E-MAN #4 was another issue of the series that came into my possession sealed within one of the plastic 3-Bags of reissued classic Charlton releases put out by Modern Comics in the late 1970s and sold in discount department stores, supermarkets and the like. There was a feeling of these books being a bit “off-brand” to a young comic book reader of the period, but I really loved a bunch of the characters and stories that they showcased. It would take a while before I would learn of the Charlton origins of these titles–I would occasionally wonder about the missing issues in this and other runs, which were never reissued by Modern for whatever reason. Their selection process was haphazard, wich made these books seem all the more weird and mysterious.

The story in E-MAN #4 was actually the third E-Man adventure to be worked up.
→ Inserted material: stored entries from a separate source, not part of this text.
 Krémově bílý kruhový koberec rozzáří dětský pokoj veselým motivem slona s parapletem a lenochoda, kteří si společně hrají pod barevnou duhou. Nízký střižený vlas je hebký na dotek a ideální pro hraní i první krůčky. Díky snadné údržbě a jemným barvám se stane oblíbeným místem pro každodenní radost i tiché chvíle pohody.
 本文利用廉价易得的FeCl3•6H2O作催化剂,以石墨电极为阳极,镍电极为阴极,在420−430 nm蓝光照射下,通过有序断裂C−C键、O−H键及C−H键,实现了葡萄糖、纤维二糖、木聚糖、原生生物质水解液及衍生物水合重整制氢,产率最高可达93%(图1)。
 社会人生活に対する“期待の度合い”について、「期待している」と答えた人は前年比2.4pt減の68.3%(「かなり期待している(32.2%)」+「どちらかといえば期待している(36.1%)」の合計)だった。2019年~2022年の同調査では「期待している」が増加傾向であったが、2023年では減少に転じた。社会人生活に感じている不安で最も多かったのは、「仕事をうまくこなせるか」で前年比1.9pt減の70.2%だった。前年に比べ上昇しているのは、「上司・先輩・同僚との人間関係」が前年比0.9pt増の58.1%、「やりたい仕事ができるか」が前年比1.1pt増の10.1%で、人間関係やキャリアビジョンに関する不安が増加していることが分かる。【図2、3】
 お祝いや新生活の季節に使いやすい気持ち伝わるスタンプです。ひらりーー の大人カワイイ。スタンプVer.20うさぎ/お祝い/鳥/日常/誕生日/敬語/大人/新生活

As we discussed in last week’s review of E-MAN #3, it was bumped in favor of a story addressing the then-current energy crisis that author Nicola Cuti felt simply could not wait.

It’s a more globetrotting adventure than the previous ones had been, and showcases new sides to female lead Nova Kane–albeit sides that feel a little bit like they’ve been added to facilitate the story, rather than the story revealing them. It openw with Nova performing her exotic dance numbers in Egypt, where she’s gone on an expedition to locate a mysterious hidden city. This seems like a strangely discordant things for the Nova we’ve known up to this point to be doing, but it turns out that she’s apparently studying Egyptology, and has come into possession of a map to a lost city said to be the source of all the ancient Egyptians’ superior knowledge. Got to check that out, right?
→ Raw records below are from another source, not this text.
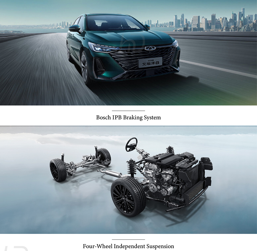 At the heart of the Chery Arrizo 8's performance lies the powerful Kunpeng 2.0TGDI Turbocharged Engine, delivering responsive acceleration and robust output. For confident stopping power and precise pedal feel, it is equipped with the advanced Bosch IPB Braking System. This combination ensures a balanced and secure driving dynamic, whether navigating city streets or highways. The result is an engaging yet refined driving experience.
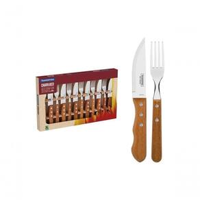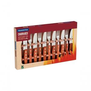 Jogo Para Churrasco Tramontina Dynamic Cabos De Madeira... Para saborear aquele churrasco especial com a família e os amigos, conte com o jogo para churrasco Tramontina Dynamic com lâminas em aço inox e cabos de madeira natural 12 peças. Desenvolvido para lhe proporcionar praticidade e beleza à sua mesa, ele tem peças produzidas com lâminas em aço inox, onde as facas tem maior durabilidade em seu fio de corte devido ao tratamento térmico e os garfos contam com maior resistência devido a estampagem.
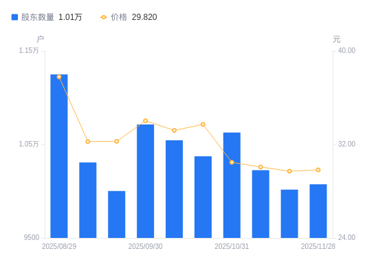 近一年(2024年11月29日至2025年11月28日),华康洁净A股股东户数从9587户,增加至1.01万户,增幅5.08%,区间股价上涨41.52%。
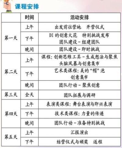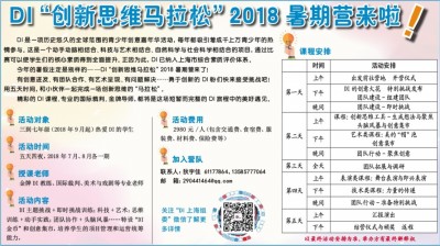 DI是一项历史悠久的全球范围的青少年创意嘉年华活动,每年都吸引着成千上万青少年的热情参与。这是一个动手动脑相结合、科技与艺术相结合、自然科学与社会科学相结合的项目,通过比赛可以使学生们的核心素质得到全面提升。正因为此,DI已纳入上海市综合素质评价体系。 今年的暑假注定是别样的——DI“创新思维马拉松”2018暑期营来了! 有创意迸发、有团队合作、有艺术呈现、有问题解决……勇于创新的DI粉们快来接受挑战吧!用五天时间,和小伙伴一起完成一场创新思维的“马拉松”。 精彩的DI课程、专业的国际裁判、金牌导师,都将是这场短暂而完整的DI旅程中的美好遇见。 活动对象 三到七年级(2018年9月起)热爱DI的学生 活动时间 五天四夜,2018年7月、8月各一期 授课老师 金牌DI教练、国际裁判、美术与戏剧等专业老师 活动内容 DI主题挑战+即时挑战训练;科技+艺术;思维训练+动手实践;团队协作+头脑风暴……特设“DI金币”和创意集市,培养学生的项目管理和运营统筹能力。 活动费用 2980元/人(包含交通费、食宿费、服装费、材料费、保险费等) 加入营队 联系人:狄宇佳 61177864、13585777064 邮 箱:290441464@qq.com 关注“DI上海组委”微信了解更多详情
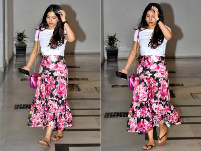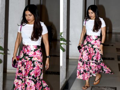 इस दौरान भूमि सफेद टॉप के साथ कलरफुल लॉन्ग स्कल्ट में नजर आईं।
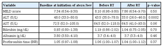 No major signs, symptoms, or deterioration in the ECOG PS were observed, which could be attributed to RT during or after the treatment period. Follow-up laboratory assessments demonstrated preserved liver function, including stable model for end-stage liver disease scores, and a significant reduction in serum ALT levels (43.5 vs. 33.0, p= 0.0002) after RT (Table 3).
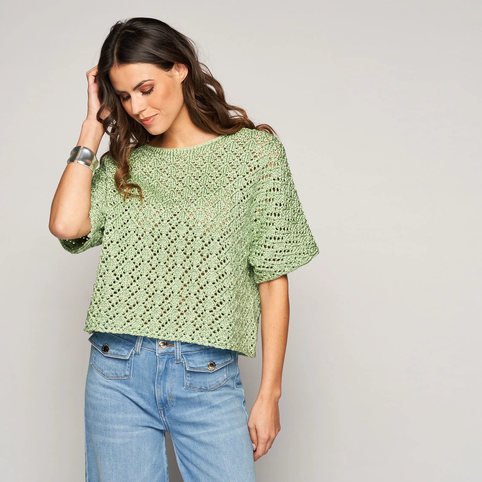 Trui met opengewerkt haakwerk voor een luchtige en stijlvolle uitstraling
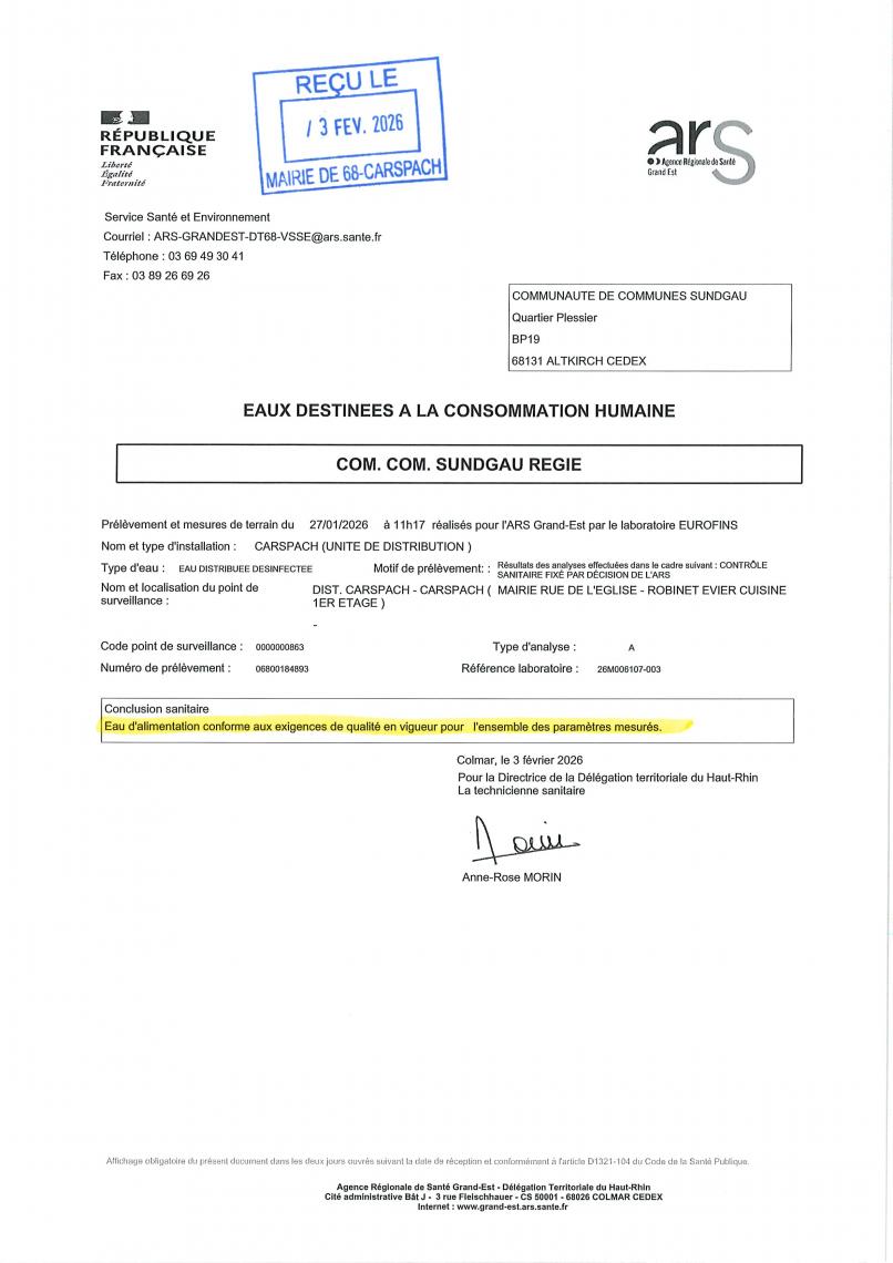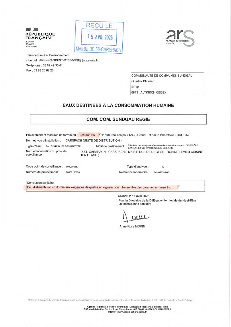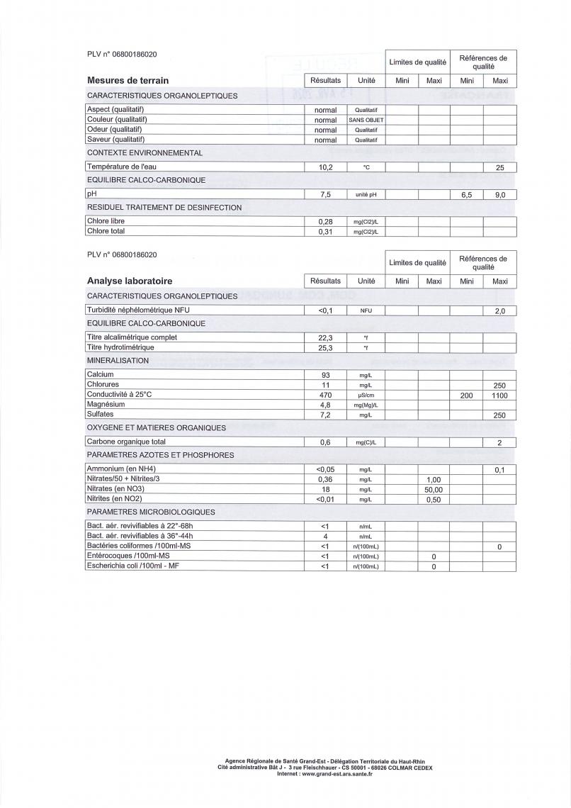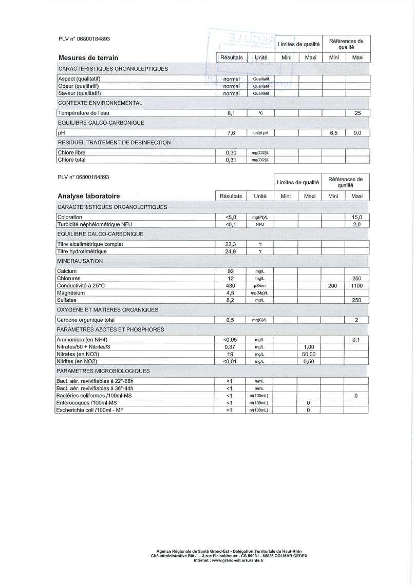Les résultats des analyses effectuées sur les prélèvements de l'eau sont également disponible sur le site de l'ARS :

Well, maybe not, as people who are investigating the claims of this hidden city keep getting murdered. But Nova has an ace to play, her friend E-Man who has accompanied her as a protector, and who chases off some assailants in the form of a servant of Ra. Following their map across the desert, Nova and E-Man locate the tower of the Lost City jutting out of the desert. But when they venture inside, they discover it’s an unearthly technological wonderland. Deciphering some of the writing, Nova learns that the inhabitants had attempted to escape a plague by journeying to the future using a time machine, but they lacked the power necessary to make it operate. But E-Man has all the power they need, and so he and Nova use the still-functional device to journey back in time. Mind you, this has all happened by Page 8. It’s zany Bronze-Age plotting at its finest.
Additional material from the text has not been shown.